In season, it’s possible to find Thai basil and lemongrass—even shiso, on occasion—among the more usual herb offerings at the New York City Greenmarkets. But fresh kaffir lime leaves, curry leaves, rau ram, epazote, or Mexican oregano? Not so much. I have to schlep to a specialty market for those, and all too often, the offerings aren’t as fresh as I’d like, or their provenance is an utter mystery—there’s no way of knowing where they’re from, how they’ve been handled, or whether they’re organic.

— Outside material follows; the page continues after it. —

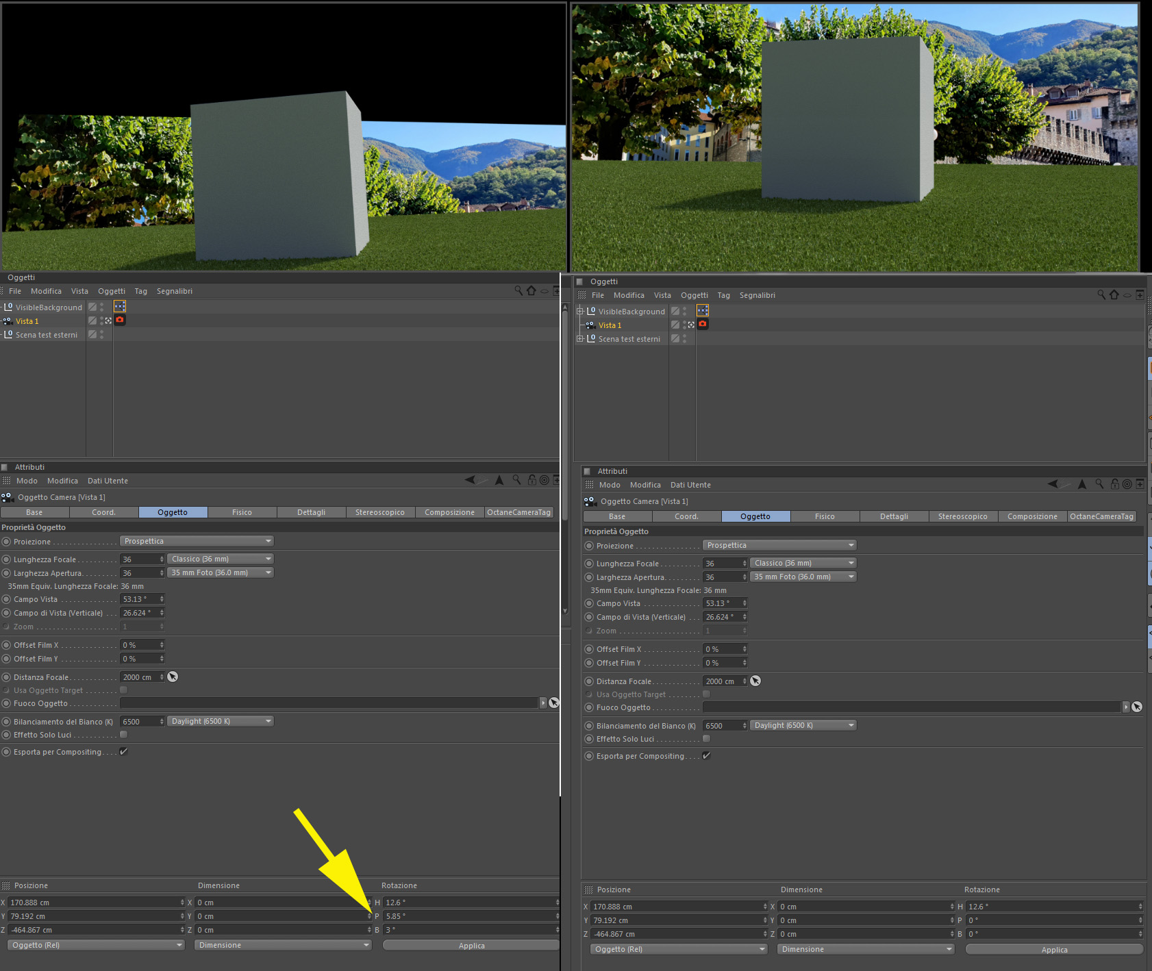 Please check if you see the problem rotating the camera angle "P" to +5° (positive).

All that’s about to change. This year, I’m making room in the garden for unusual herbs that will yield fistfuls of flavor. They’ll take me around the world. Another plus: Many herbs are not just drought-tolerant but prefer hot, sunny, dry conditions. Overwatering will diffuse their fragrance and flavor—what you’re growing them for, in other words. The herbs below are available as seeds or young plants from online sources, but check your local nurseries or seed libraries first—you may find what you’re looking for (almost) in your own backyard.

Curry Leaves

This herb comes from the so-called curry leaf plant (Murraya koenigii), a small shrubby tree native to southern India and Ceylon. The glossy little leaves look a bit like bay leaves and have a spicy, citrusy flavor and aroma. I like to purée them with shallot, fresh lime juice, safflower oil, and a bit of chopped serrano chile and sugar. The resulting vinaigrette is great on salads or drizzled over grilled summer vegetables, chicken, or fish.

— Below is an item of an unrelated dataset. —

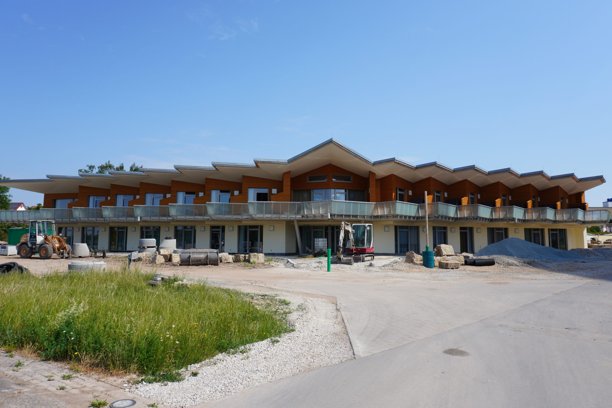 Zu den Anfangsstolpersteinen gehören sicher bauliche Herausforderungen, die entweder noch komplett gemeistert und einige Dinge behoben werden müssen oder die wegen Lieferschwierigkeiten einfach dauern. Die Außenanlagen befinden sich gerade im Entstehen und in eben diesem Außenbereich wird sicher noch länger gebaut und umgebaut werden. Wenn irgendwann alles fertig sein wird, wird es sicher ein wundervolles Gesamtkonzept. Mit Erlaubnis der Leitung habe ich ein paar Bilder gemacht, um Euch einen Eindruck vom neuen Sternenzelt zu geben, also folgt mir auf meinem Rundgang durchs neue Hospiz.

If you love Mexican bean dishes, tomatillo salsa, or the green cooking sauce called mole verde, you’re familiar with epazote and its pungent—and intriguing—flavor and aroma that’s minty, citrusy, and earthy all at once. The herb is widely cultivated in central and southern Mexico, as well as the northern countries of South America and the Caribbean. When fresh, the herb is best added to the pot toward the end of cooking, or else it can be bitter. “Once established, it should be possible to overwinter plants indoors,” writes Jill Norman in Herbs & Spices: The Cook’s Reference. This means I can eat Diana Kennedy’s tortilla soup year-round.

Mexican Oregano

What we think of as oregano is native to the Mediterranean. Its sharp, peppery warmth became popular—along with pizza—in the U.S. after World War II. Mexican oregano is not a true Mediterranean oregano but an unrelated New World plant that has a similar flavor and aroma. It’s more citrusy and grassy, though (it’s in the verbena family), and has a great affinity for chiles, cumin, and cilantro.

Rau Ram

This herb is also sold as Vietnamese cilantro or coriander, Vietnamese mint, or laksa leaf. Its fragrance and flavor are similar to those of cilantro, but it’s more citrusy and penetrating, with a peppery-hot afternote. It’s used with seafood, chicken, and pork dishes and in lettuce wraps, noodle soups, and a crisp, crunchy green papaya salad—the sort of thing I could live on all summer long.

Thai Basils

No basil stores especially well, but Asian varieties seem to lose their scent more quickly than other types—reason alone to grow them. Purple-stemmed Thai basil is extremely aromatic, with strong anise and cinnamon notes. You’ll find it in red and green curries, and it’s used in generous amounts in stir-fries. Lemon basil has a clean, lemony scent—scatter it over grilled fish or pork or scallop kebabs. Thai lemon basil (aka hairy basil or green holy basil) is peppery and lemony in flavor. It’s stirred into noodles or fish curries just before serving. Holy basil, which is called tulsi in India and by those who follow ayurvedic practice, is also very fragrant, with a spicy-sweet pungency all its own, along with hints of mint and camphor. It’s wonderful in drunken noodles.